* Your objective
Output exactly the lines of the listing below that run from the line with "Dijual rumah mewah" through the line with "Nearly thirty percent". No pictures.

* Data for the task
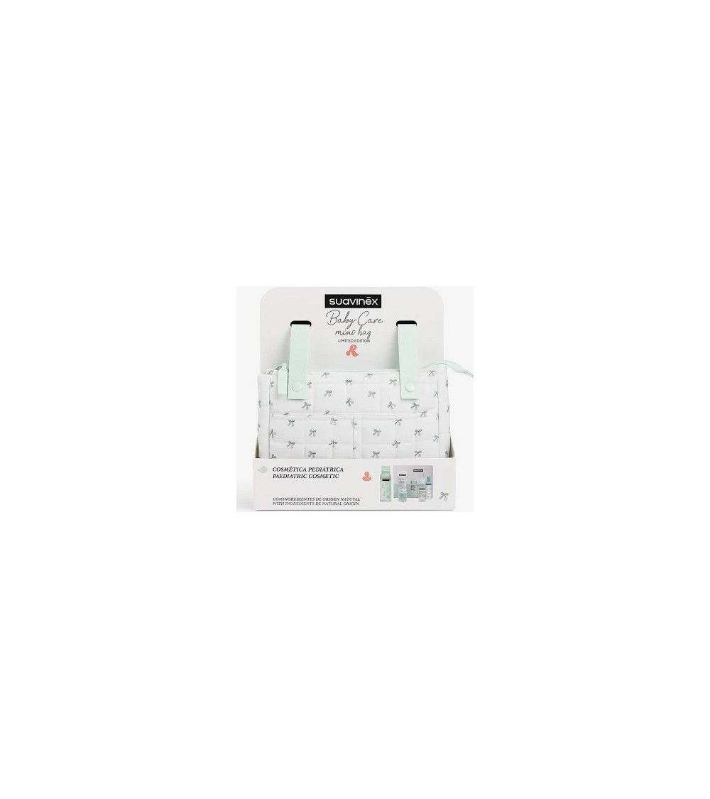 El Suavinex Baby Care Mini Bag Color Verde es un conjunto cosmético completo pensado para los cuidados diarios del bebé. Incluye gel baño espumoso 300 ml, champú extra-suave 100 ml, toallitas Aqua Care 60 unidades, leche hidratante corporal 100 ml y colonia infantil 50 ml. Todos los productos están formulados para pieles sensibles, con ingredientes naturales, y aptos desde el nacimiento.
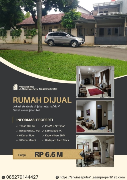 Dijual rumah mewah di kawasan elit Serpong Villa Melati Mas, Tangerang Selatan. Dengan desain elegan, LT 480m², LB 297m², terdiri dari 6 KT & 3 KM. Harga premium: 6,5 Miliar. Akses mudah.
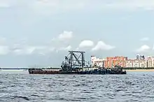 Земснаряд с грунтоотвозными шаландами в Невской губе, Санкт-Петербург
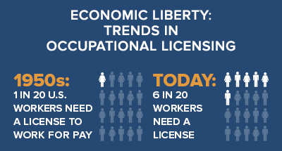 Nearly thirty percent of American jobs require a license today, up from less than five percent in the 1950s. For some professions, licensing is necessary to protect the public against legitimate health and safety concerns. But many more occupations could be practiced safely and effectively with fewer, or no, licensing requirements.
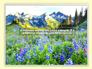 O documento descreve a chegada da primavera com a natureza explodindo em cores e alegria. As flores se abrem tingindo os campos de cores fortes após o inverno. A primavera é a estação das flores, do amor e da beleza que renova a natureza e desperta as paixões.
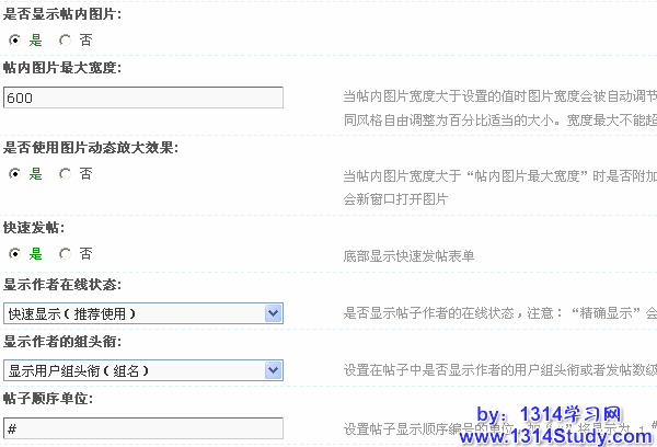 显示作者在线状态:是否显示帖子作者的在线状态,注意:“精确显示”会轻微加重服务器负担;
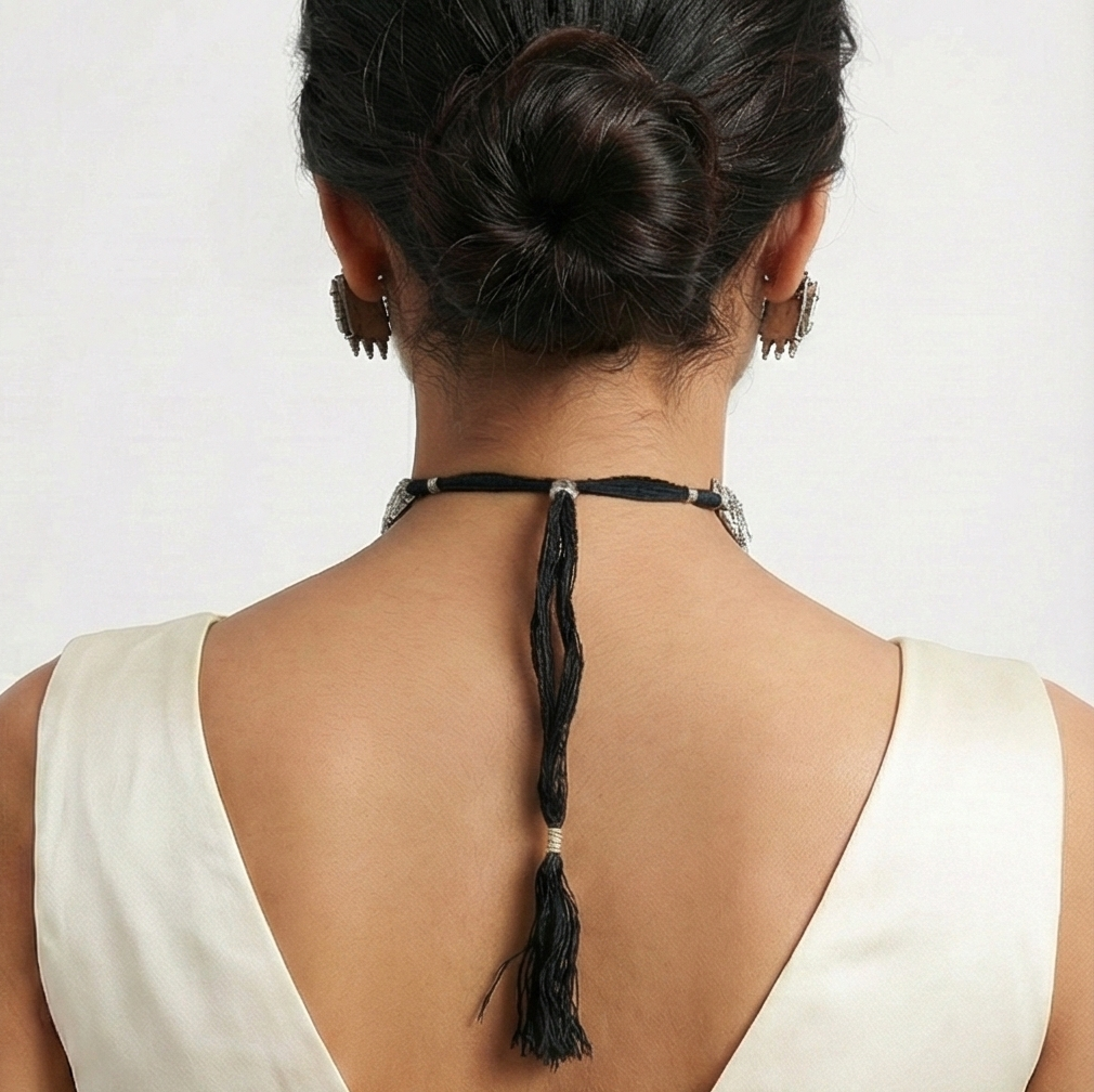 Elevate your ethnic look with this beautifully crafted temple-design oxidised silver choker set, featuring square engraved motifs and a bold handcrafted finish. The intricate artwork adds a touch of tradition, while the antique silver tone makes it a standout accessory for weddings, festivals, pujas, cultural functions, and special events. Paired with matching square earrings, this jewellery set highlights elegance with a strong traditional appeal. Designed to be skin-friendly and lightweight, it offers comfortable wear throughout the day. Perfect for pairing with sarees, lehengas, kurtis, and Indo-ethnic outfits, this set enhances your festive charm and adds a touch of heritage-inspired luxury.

* Expected answer
 Dijual rumah mewah di kawasan elit Serpong Villa Melati Mas, Tangerang Selatan. Dengan desain elegan, LT 480m², LB 297m², terdiri dari 6 KT & 3 KM. Harga premium: 6,5 Miliar. Akses mudah.
 Земснаряд с грунтоотвозными шаландами в Невской губе, Санкт-Петербург
 Nearly thirty percent of American jobs require a license today, up from less than five percent in the 1950s. For some professions, licensing is necessary to protect the public against legitimate health and safety concerns. But many more occupations could be practiced safely and effectively with fewer, or no, licensing requirements.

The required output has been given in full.